Doug Christie died in hospital on Monday night at the age of 66.
His wife, Keltie Zubko, told The Canadian Press her husband, who was diagnosed with prostate cancer in 2011, died of metastatic liver disease.
She said Christie was surrounded by his family.
"(We) were all with him and able to say all that was in our hearts to say before he let go of the pain and suffering to leave us with the immense gifts of his love for us and the lessons of his life," Zubko said in an email forwarded by one of his supporters.
Christie’s client list includes former Nazi prison guard Michael Seifert, Holocaust-denier Ernst Zundel and self-proclaimed Nazi-sympathizer Paul Fromm.

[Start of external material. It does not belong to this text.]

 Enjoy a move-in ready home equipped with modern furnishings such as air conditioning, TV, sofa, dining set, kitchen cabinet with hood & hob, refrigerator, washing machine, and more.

Zundel, who maintains the Holocaust never occurred, was convicted in 1985 for "spreading false news'" about Jewish people and was sentenced to 15 months in jail.
Seifert was convicted of war crimes and was eventually extradited to Italy, where he was to spend the rest of his life in prison.

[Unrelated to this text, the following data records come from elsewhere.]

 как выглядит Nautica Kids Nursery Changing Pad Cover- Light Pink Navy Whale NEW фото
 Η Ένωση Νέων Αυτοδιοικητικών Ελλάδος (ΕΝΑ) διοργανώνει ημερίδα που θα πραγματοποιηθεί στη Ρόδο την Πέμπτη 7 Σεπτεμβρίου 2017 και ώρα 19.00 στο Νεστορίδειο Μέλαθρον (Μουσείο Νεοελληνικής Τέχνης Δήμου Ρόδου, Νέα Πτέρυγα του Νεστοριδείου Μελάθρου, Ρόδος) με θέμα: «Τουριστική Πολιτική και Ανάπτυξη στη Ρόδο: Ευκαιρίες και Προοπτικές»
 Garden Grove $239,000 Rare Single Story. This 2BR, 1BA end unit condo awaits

Fromm described Christie as an immensely brave man who was motivated by a deep love of freedom and a suspicion of government and authority.
"The Doug I knew was a sensitive and proud man. He was a deeply moral man. He did not seek notoriety," Fromm said in an email, noting the two were friends for more than 30 years.

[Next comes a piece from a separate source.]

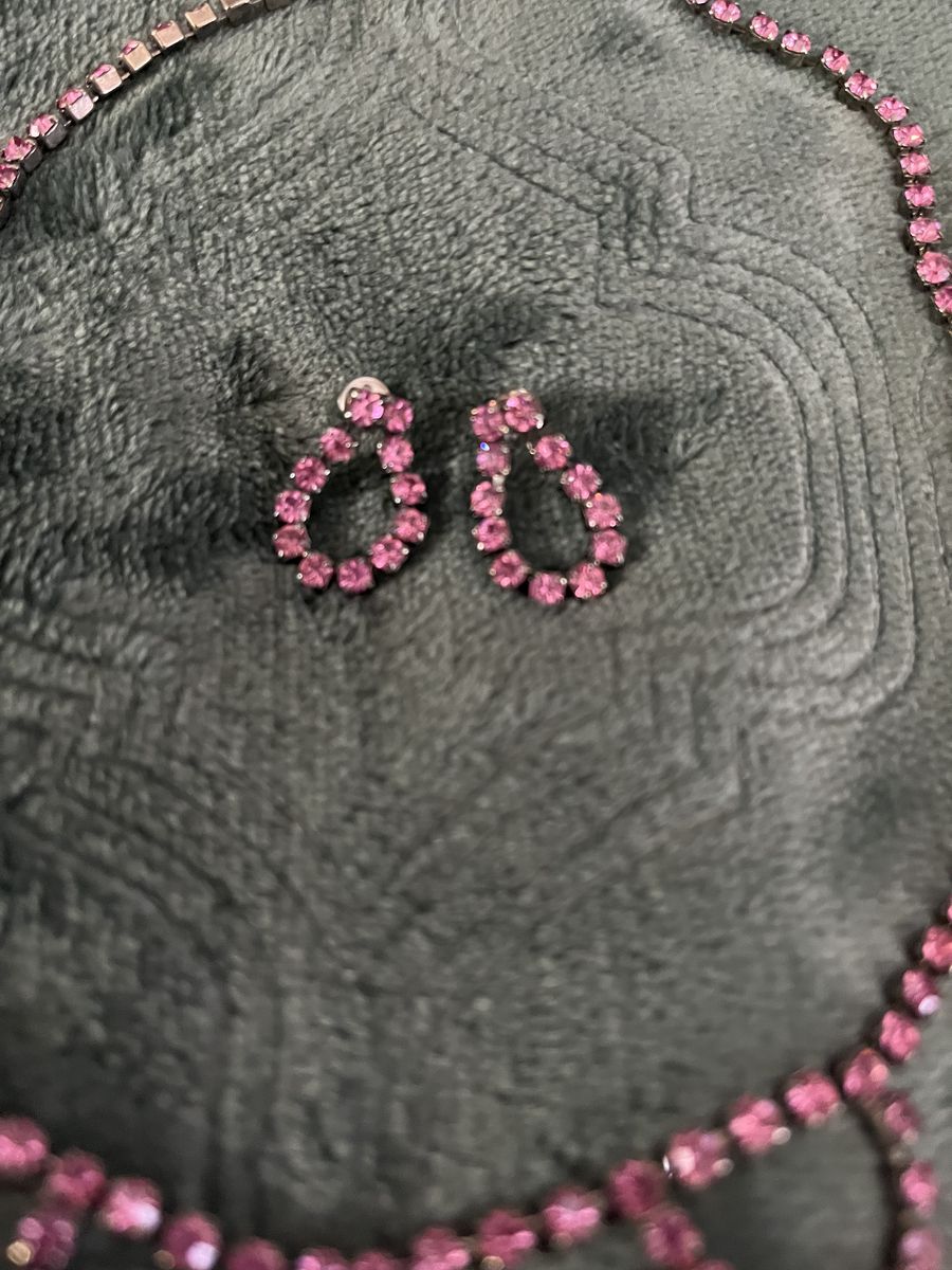 VenmoThink Pink! This is from the late 1950's. The pink color is the most collected. Which makes it harder to come by. The earrings are pierced earrings. Selling for a parent. Sold only as a set.

"He felt the rejections and condemnations deeply. Yet, Doug felt a higher imperative — individual freedom and liberty. "
Fromm is a former member of the Western Guard white supremacist group and self-styled director of the right-wing Canadian Association for Free Expression.
Christie also represented aboriginal leader David Ahenakew, who was stripped of his Order of Canada for comments he made about Jews.
The legal saga over Ahenakew’s comments ended in 2009 when Saskatchewan justice officials decided not to appeal his acquittal on a hate crime charge.
Christie later argued that Ahenakew should get back the Order of Canada.
Christie also defended Alberta teacher Jim Keegstra, who was initially convicted of promoting hatred against Jewish people, but his conviction was later thrown out by the Alberta appeal court.
Chris Schafer, executive director of the Canadian Constitution Foundation, said Christie served a necessary and important purpose in Canadian law and society.
"There seems to be ... a few number of people who are willing to stick their neck out and defend unpopular causes and people. He was one of them. Every society needs people like that," he said in an interview.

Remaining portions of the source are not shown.